▸ Exercise directions
Exact copy, pictures excluded: output the lines from the opening of the entries through the line bearing "November – April".

***

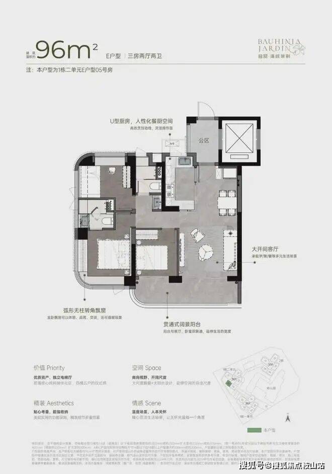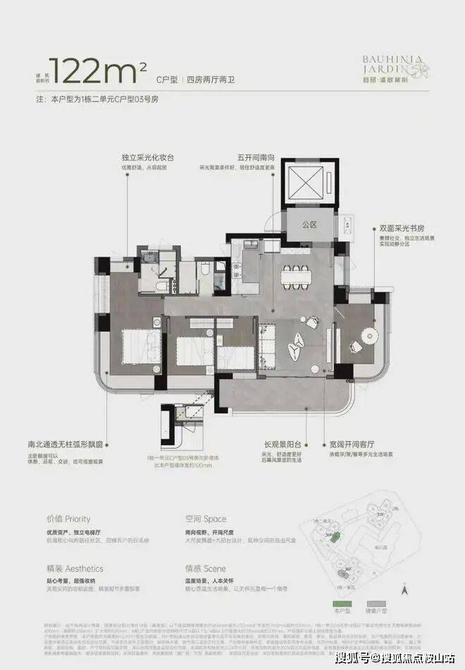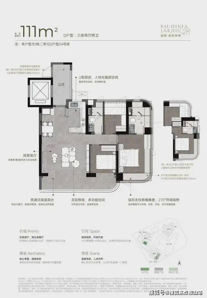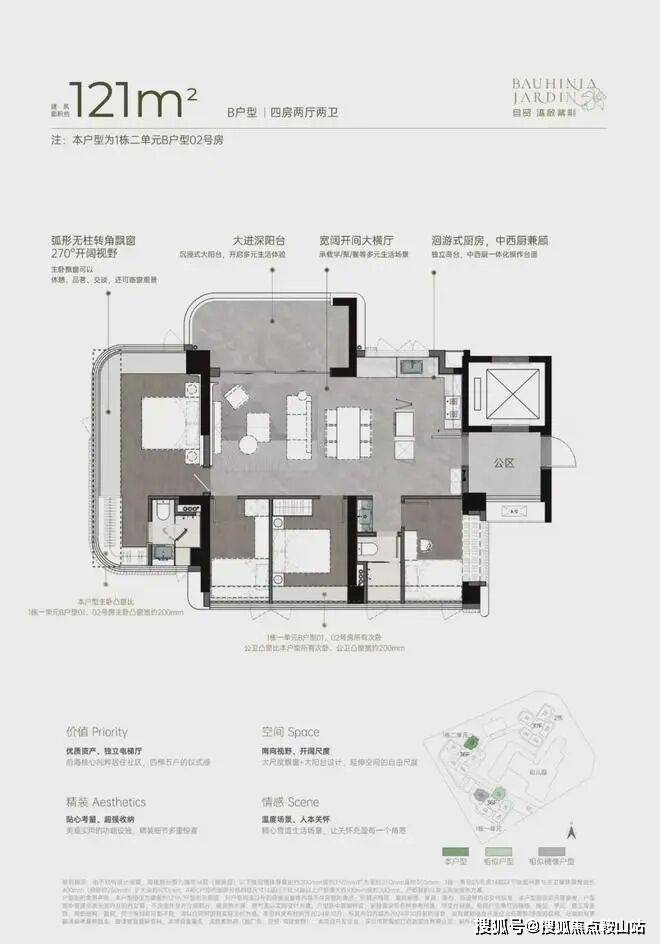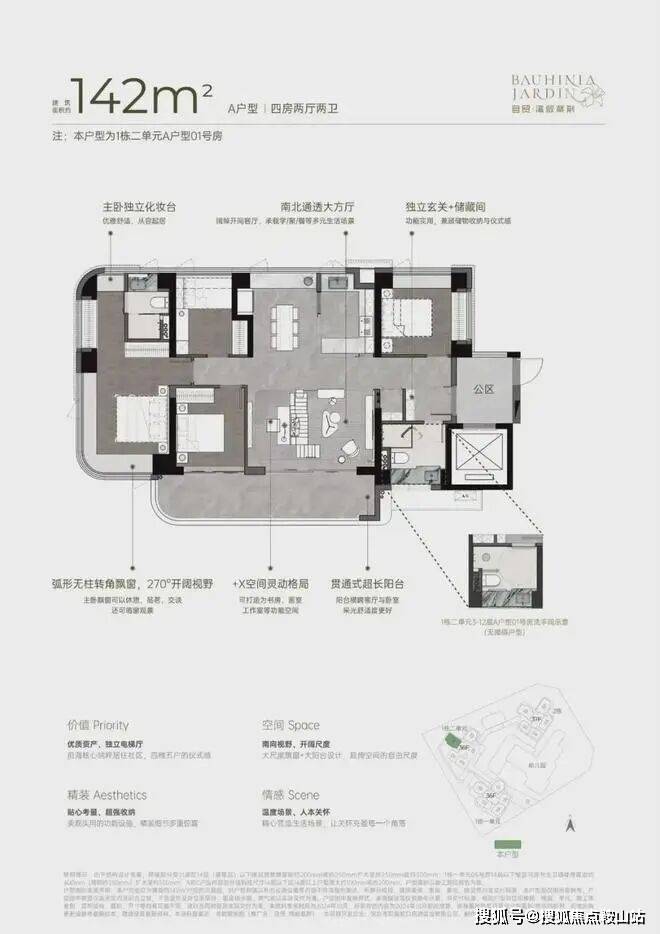 灵动空间格局,因更高的获得感而松弛• 四梯五户,独立电梯厅;• 户户均有南向视野,空间格局通透敞亮;• 270°弧形无柱大尺度飘窗、大宽厅、大阳台,带来更多使用空间。
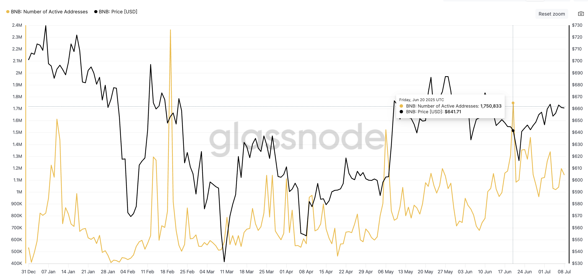 BNB:s antal aktiva adresser har ökat stadigt sedan början av maj. Efter att ha sjunkit under större delen av mars och april började deltagandet återhämta sig, med en betydande högre topp den 20 juni, nådde över 1,75 miljoner dagliga adresser.
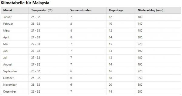 • Westküste (z. B. Langkawi, Penang): Beste Reisezeit: November – April
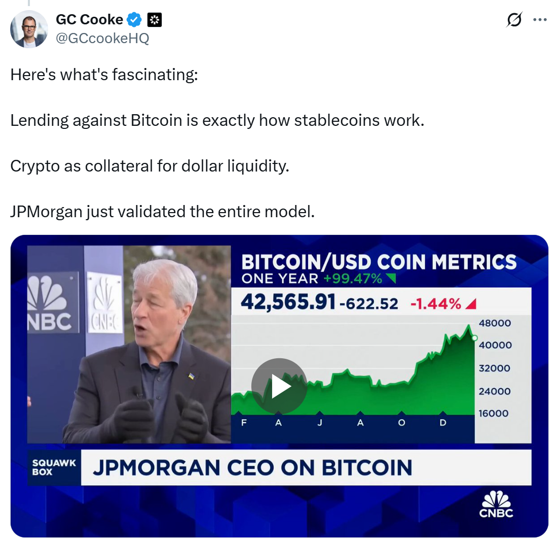 Кредитування залишається невеликим шматочком ринку криптовалют, але привертає зростаючу увагу, оскільки інституційні гравці перевозять простір. Минулого тижня повідомлення показали, що JPMorgan Chase розглядає криптовалютні позики, плануючи позичити безпосередньо проти криптовалют, таких як Bitcoin (BTC) та ETHER (ETH).
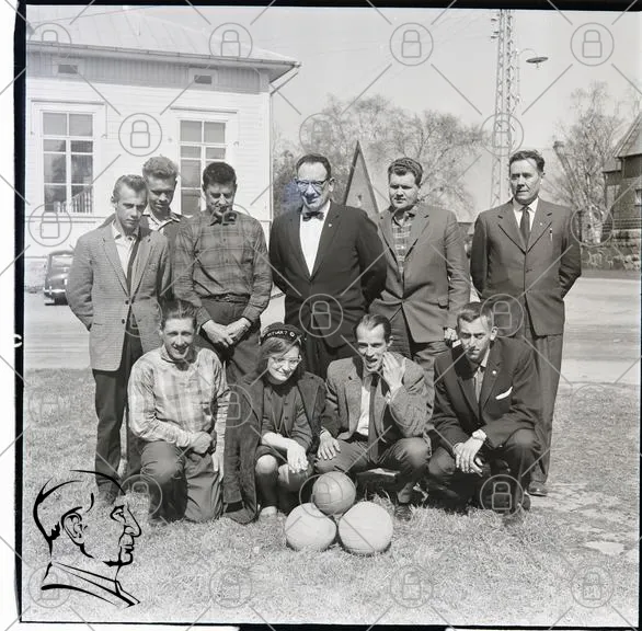grupp, män, kvinnor, fotboll, bollar, svartvitt, kläder, 1950-tal, porträtt, utomhus, byggnad, träd, sport, leende, tradition, samarbete, gemenskap, ungdomar, stil, fotografering, historia, nostalgi, landskap, aktivitet, glädje, samling, ansikten, kultur, idrott
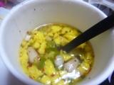 ワンタン、ねぎ、フリーズドライのたまご入りで「かき玉風」という感じかな?
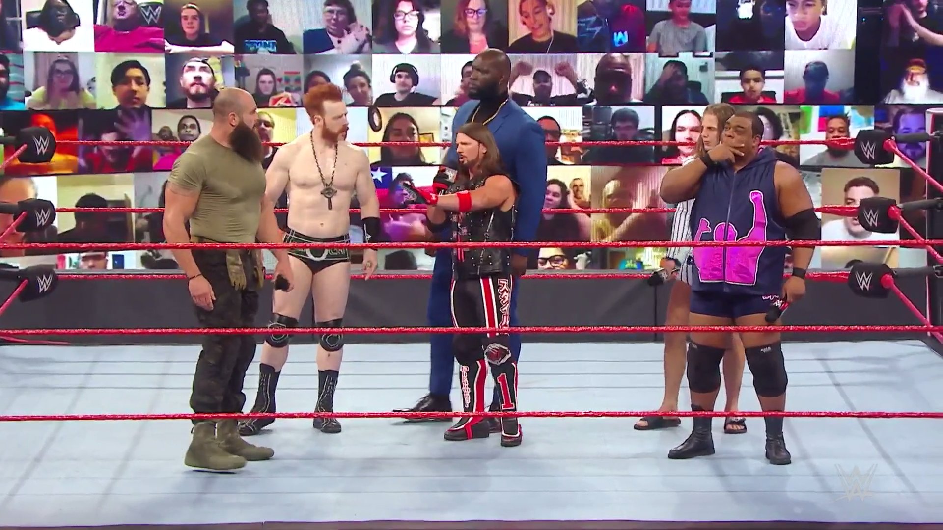Sheamus dice que AJ no es su capitán, y Strowmann aparece y dice lo mismo.
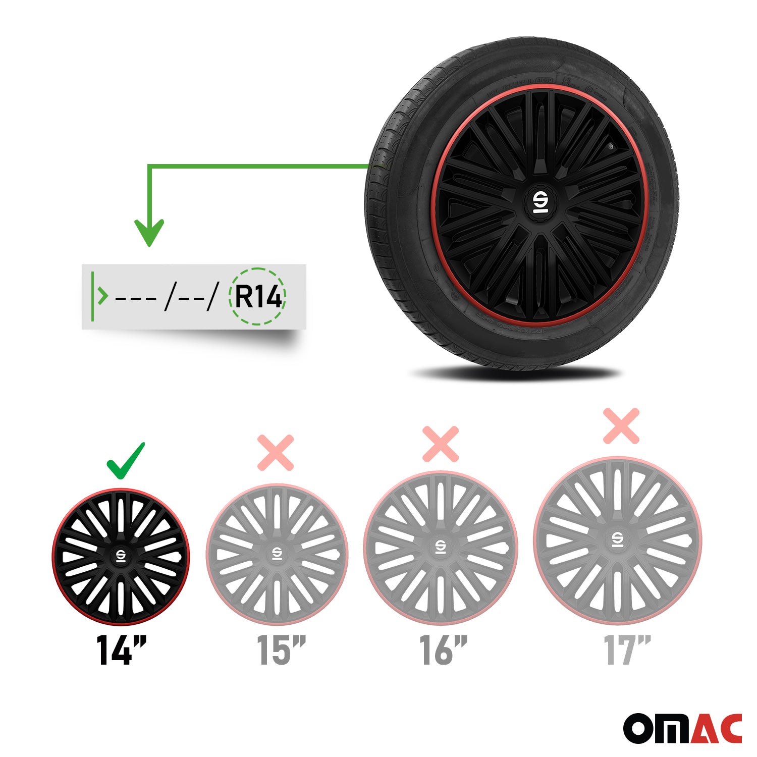 SPARCO Jeu Enjoliveurs de Roues 14 Pouces Rouge & Noir 4Pcs
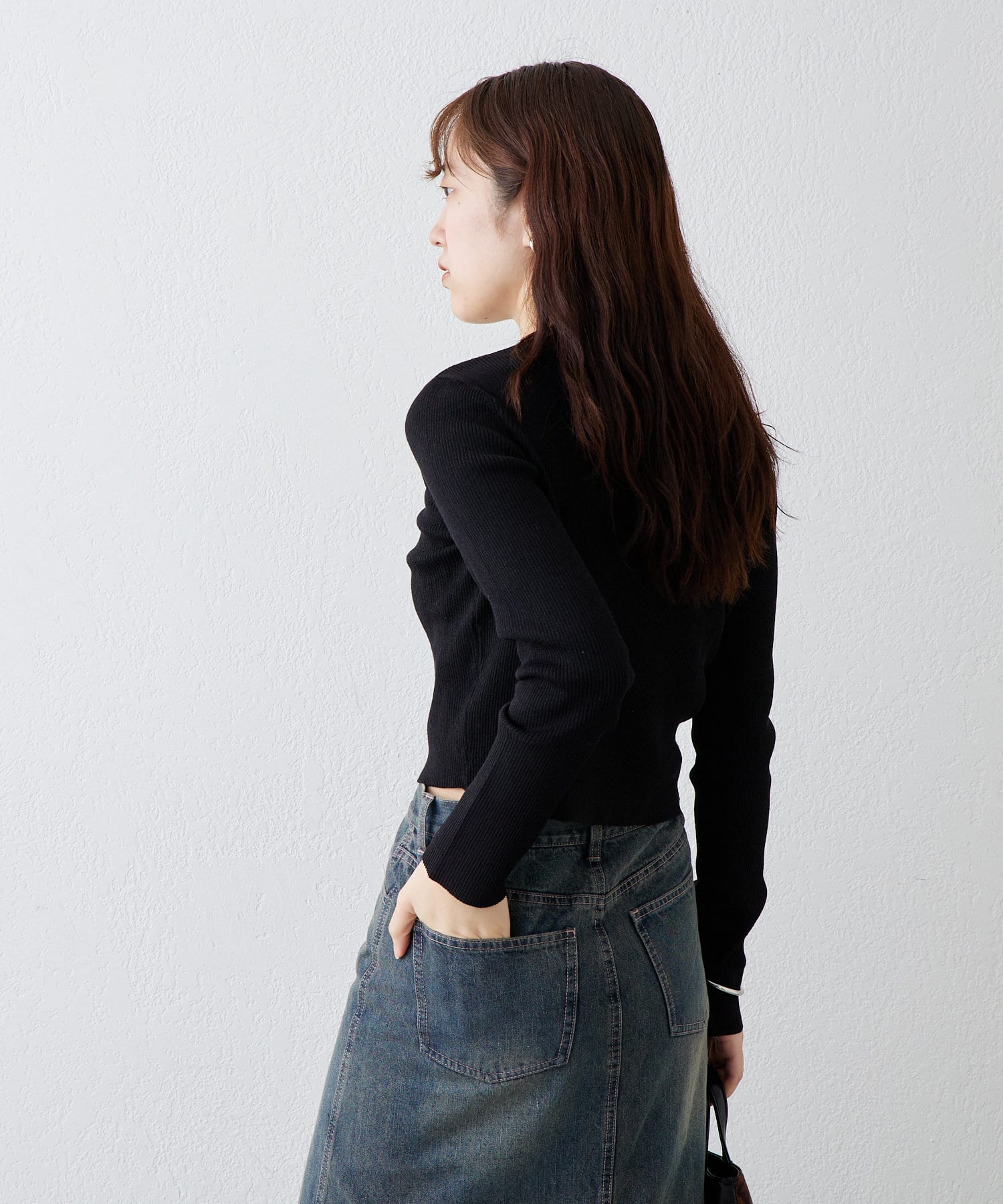 やわらかいリブニットで薄手なのでインナーや1枚でもと使い回しのきくアイテム
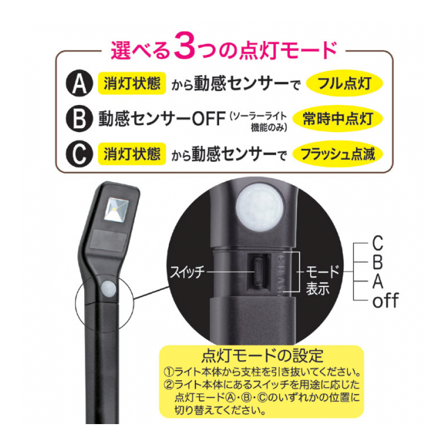 点灯パターン/A:消灯状態から人感知で約30秒間フル点灯 B:常時中点灯(人感センサー停止) C:消灯状態から人感知で約30秒間フラッシュ点滅
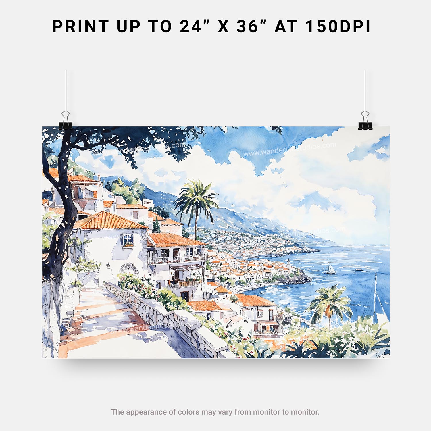 Bring a piece of Funchal’s coastal charm into your home with this watercolor digital download. Its vibrant colors and picturesque landscape make it easy to print and display, instantly transforming any space.
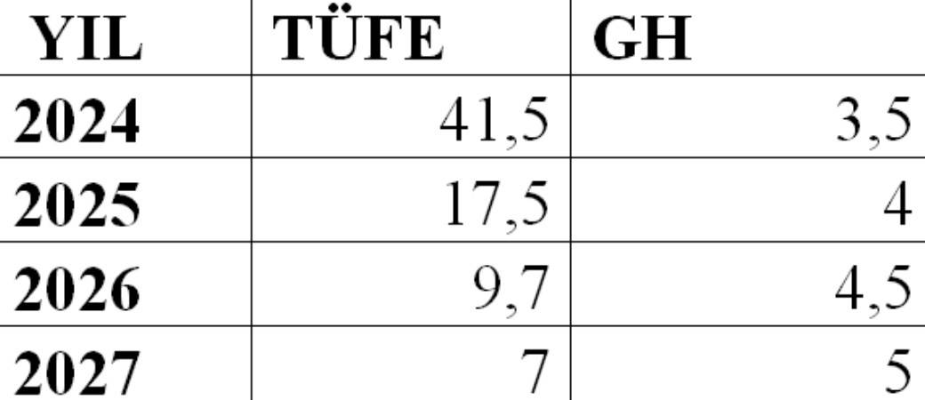 Diğer taraftan, Ülkemizin 2025-2027 dönemine ilişkin temel makro ekonomik hedeflerin yer aldığı Orta Vadeli Programda (OVP), 2024 ila 2027 yıllarında tahmin edilen yıllık TÜFE ve GH oranları aşağıdaki tabloda gösterilmiştir.
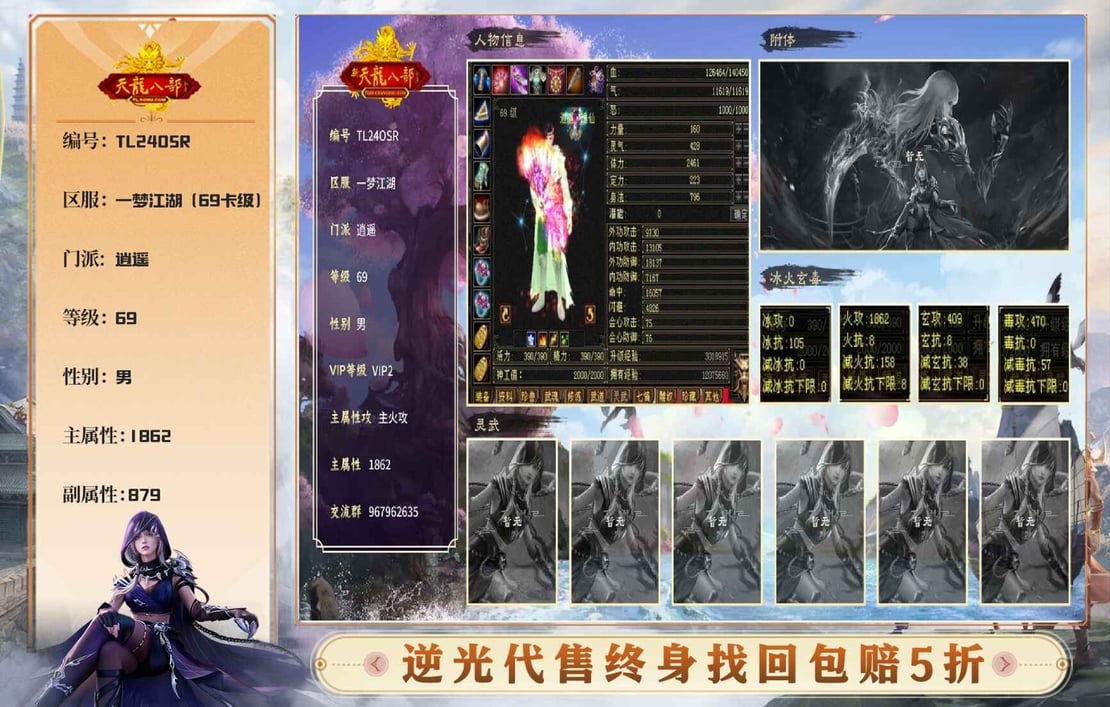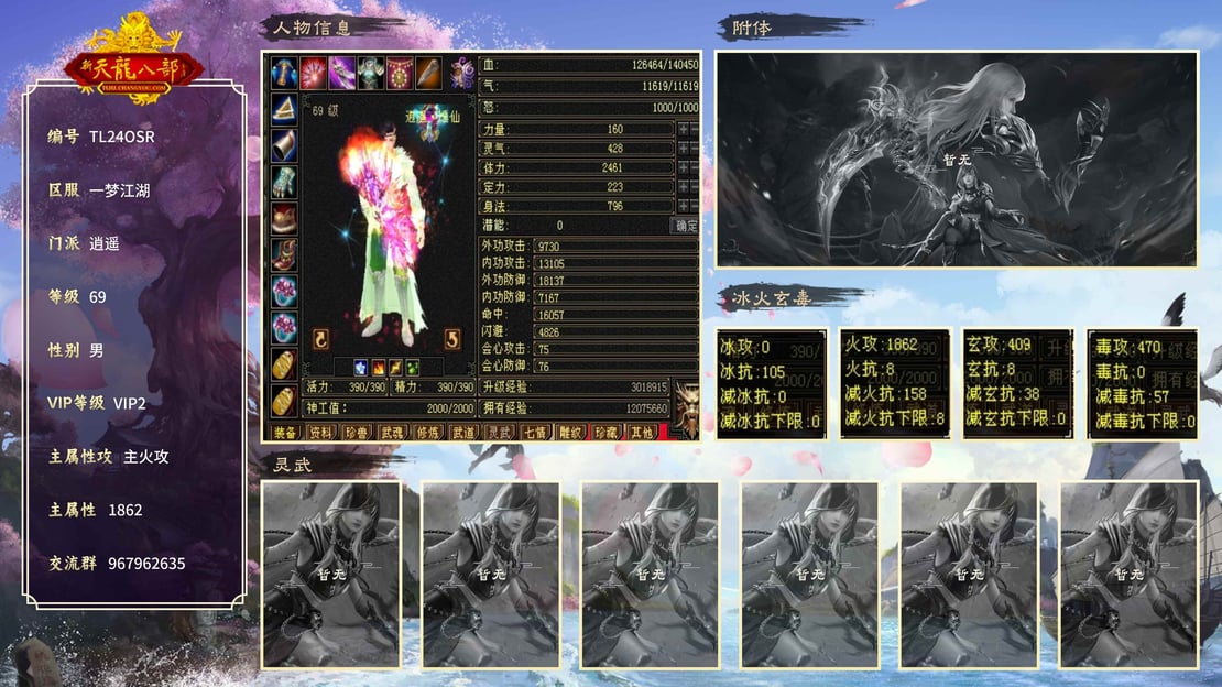 69卡级逍遥,带永久时装,不加转态主火攻1862性价比高,14万血刷副本好组队,放大几率高。

***

▸ Worked solution
 灵动空间格局,因更高的获得感而松弛• 四梯五户,独立电梯厅;• 户户均有南向视野,空间格局通透敞亮;• 270°弧形无柱大尺度飘窗、大宽厅、大阳台,带来更多使用空间。
 BNB:s antal aktiva adresser har ökat stadigt sedan början av maj. Efter att ha sjunkit under större delen av mars och april började deltagandet återhämta sig, med en betydande högre topp den 20 juni, nådde över 1,75 miljoner dagliga adresser.
 • Westküste (z. B. Langkawi, Penang): Beste Reisezeit: November – April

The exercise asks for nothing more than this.